Abstract:

BACKGROUND: Hypoxia influences bone metabolism by many means and exhibits negative effects on bone generation and bone healing.
OBJECTIVE: To explore the effects of hypoxia on proliferation and differentiation of rat osteoblasts and investigate the underlying mechanisms.
METHODS: Primary rat osteoblasts were isolated from excised calvarial bones of neonatal mice and cultured in vitro. The second passage of osteoblasts were cultured under hypoxic (3% O₂) and normoxic (20% O₂) conditions.

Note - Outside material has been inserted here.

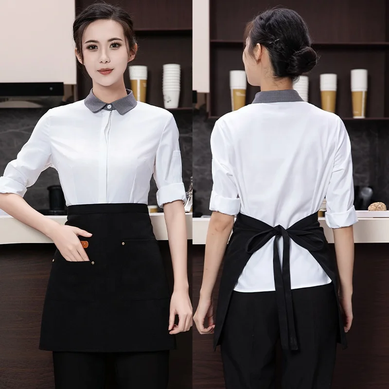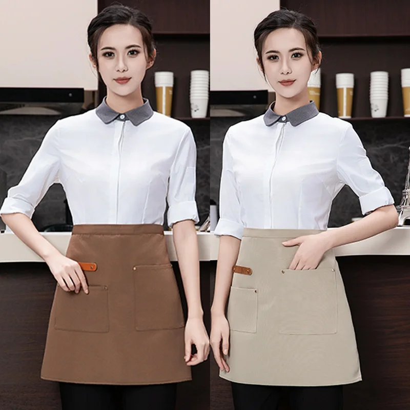Female Half-Length Waterproof Canvas Apron for Waitresses and Chefs for Milk Tea Restaurants and Bar Uniforms
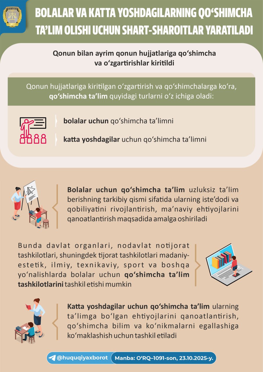 Bolalarning qo'shimcha ta'lim olishi uchun sharoitlar yaratiladi

RESULTS AND CONCLUSION: The proliferation levels, alkaline phosphatase activities, osteocalcin contents and the number of calcium nodules in the hypoxic group were significantly lower compared with the normoxic group (P < 0.05 or P < 0.01). It means that hypoxia inhibits the proliferation, differentiation and functions of rat osteoblasts. The mRNA expression of bone morphogenetic protein-2 and Runx2 in osteoblasts cultured in 3% O₂ was lower than that cultured in 20% O₂ ( P < 0.05 or      P < 0.01). It means that the mRNA expression of Runx2 and bone morphogenetic protein-2 was decreased in hypoxic conditions. These findings suggest that hypoxia can inhibit the proliferation and differentiation of rat osteoblasts through inhibiting Runx2 and BMP-2 mRNA expression in vitro.